What you will do
Beginning with the line that contains "Vienna, Austria, October", repeat each line exactly through the end of the listing below. Pictures stay out.

Extracted data
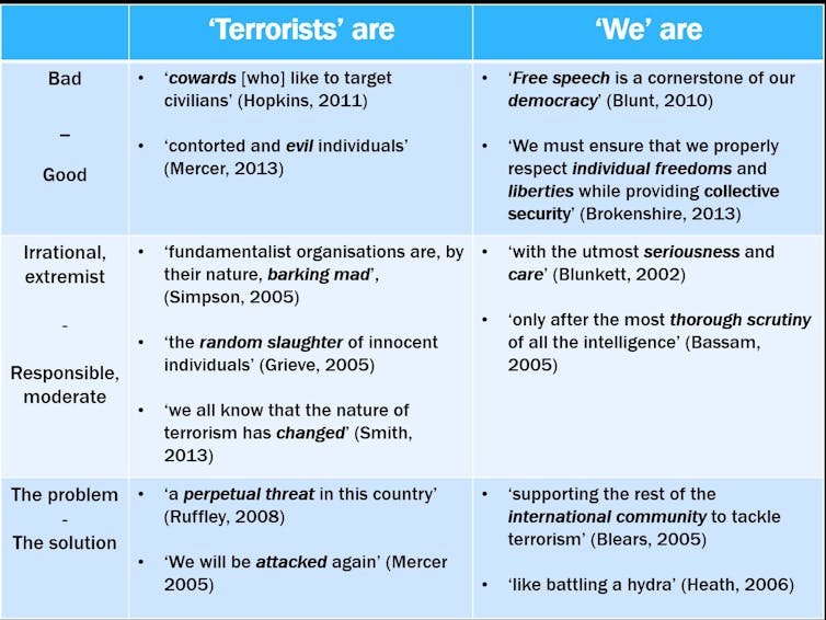 Framing these groups and their violence in this way doesn’t simply represent or depict them as an evil, irrational, and uncivilised. It constructs them as such in way that works to confirm a sense of Britain as a good, rational, and civilised space – everything that the terrorists are not.
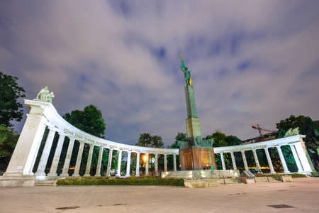 Vienna, Austria, October 13, 2016: Night view of War Memorial - Heroes Monument of Red Army on Schwarzenbergplatz in Vienna, Austria. Memorial with Red Army Soldier was unveiled in 1945
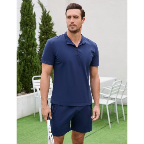 Men s Polo Shirt Short Sleeve Textured Button Down Knit Polo Shirts Parallel Very well made.
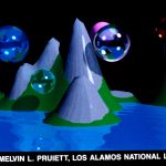 34. Melvin L. Prueitt, Los Alamos National Laboratory, MS-0415, Los Alamos, NM 87545, (505) 667-4452. A Quiet Day. The transparent spheres have reflection and refraction. The water has reflection. Produced on a Cray computer with Dicomed film recorder. Software by M. L. Prueitt.?
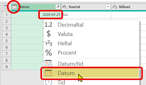Dubbelkolla att datatypen är Datum (2025-12-01) . Skulle det vara Datum/tid (2025-12-01 00:00:00), så ändra till Datum.
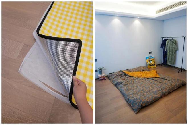 此外,你也可以像网友@小鹿快跑一样,连床垫也不要了,直接用铝膜防潮垫+两层被褥组合成一张床,比如适合临时过渡。
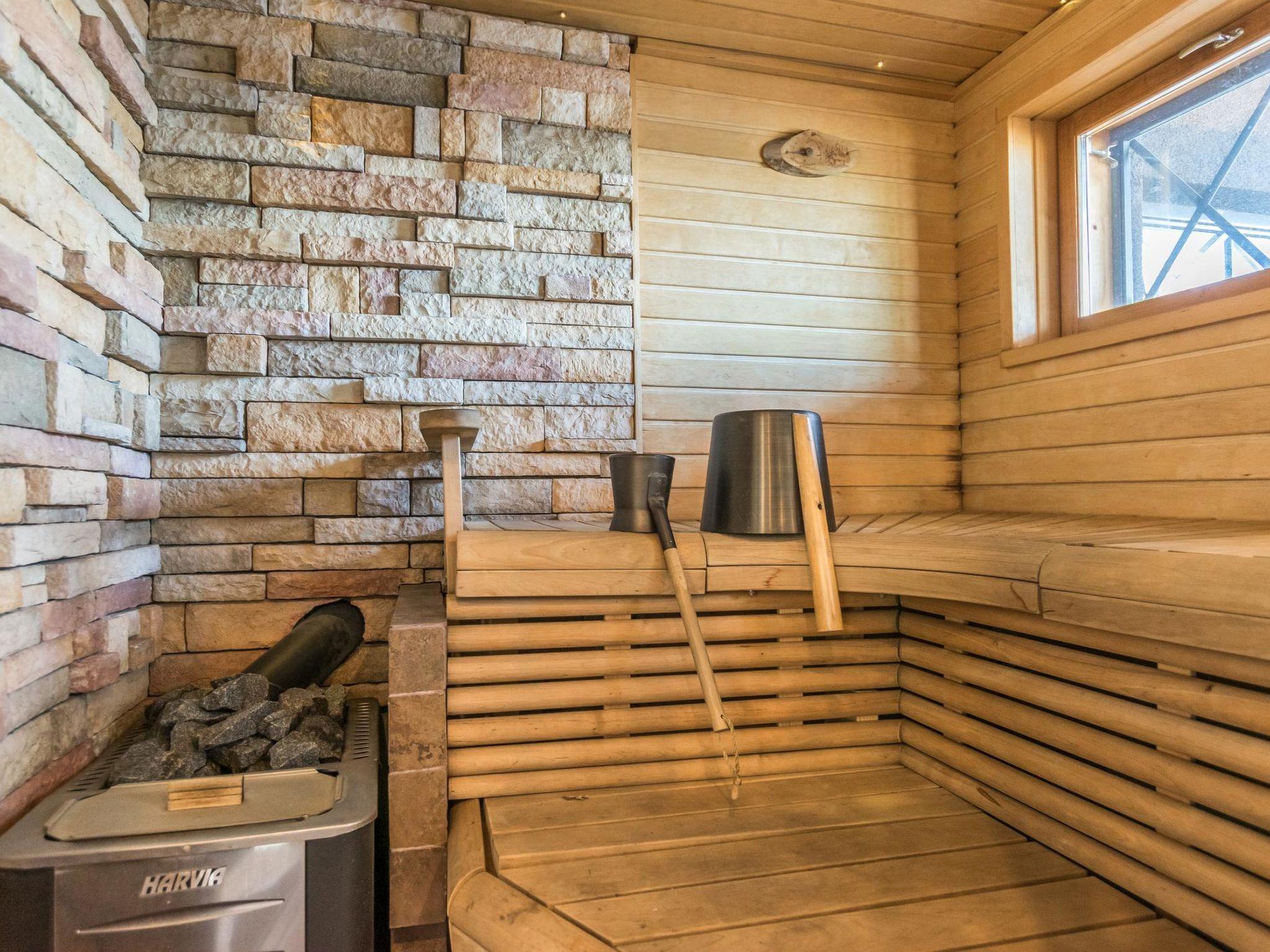 The sauna features a wood-burning stove, and the washroom has a shower, a WC, and a washing machine. A door opens to the terrace, furnished with ample seating, a sofa, and the hot tub.

Solution
 Vienna, Austria, October 13, 2016: Night view of War Memorial - Heroes Monument of Red Army on Schwarzenbergplatz in Vienna, Austria. Memorial with Red Army Soldier was unveiled in 1945
 Men s Polo Shirt Short Sleeve Textured Button Down Knit Polo Shirts Parallel Very well made.
 34. Melvin L. Prueitt, Los Alamos National Laboratory, MS-0415, Los Alamos, NM 87545, (505) 667-4452. A Quiet Day. The transparent spheres have reflection and refraction. The water has reflection. Produced on a Cray computer with Dicomed film recorder. Software by M. L. Prueitt.?
Dubbelkolla att datatypen är Datum (2025-12-01) . Skulle det vara Datum/tid (2025-12-01 00:00:00), så ändra till Datum.
 此外,你也可以像网友@小鹿快跑一样,连床垫也不要了,直接用铝膜防潮垫+两层被褥组合成一张床,比如适合临时过渡。
 The sauna features a wood-burning stove, and the washroom has a shower, a WC, and a washing machine. A door opens to the terrace, furnished with ample seating, a sofa, and the hot tub.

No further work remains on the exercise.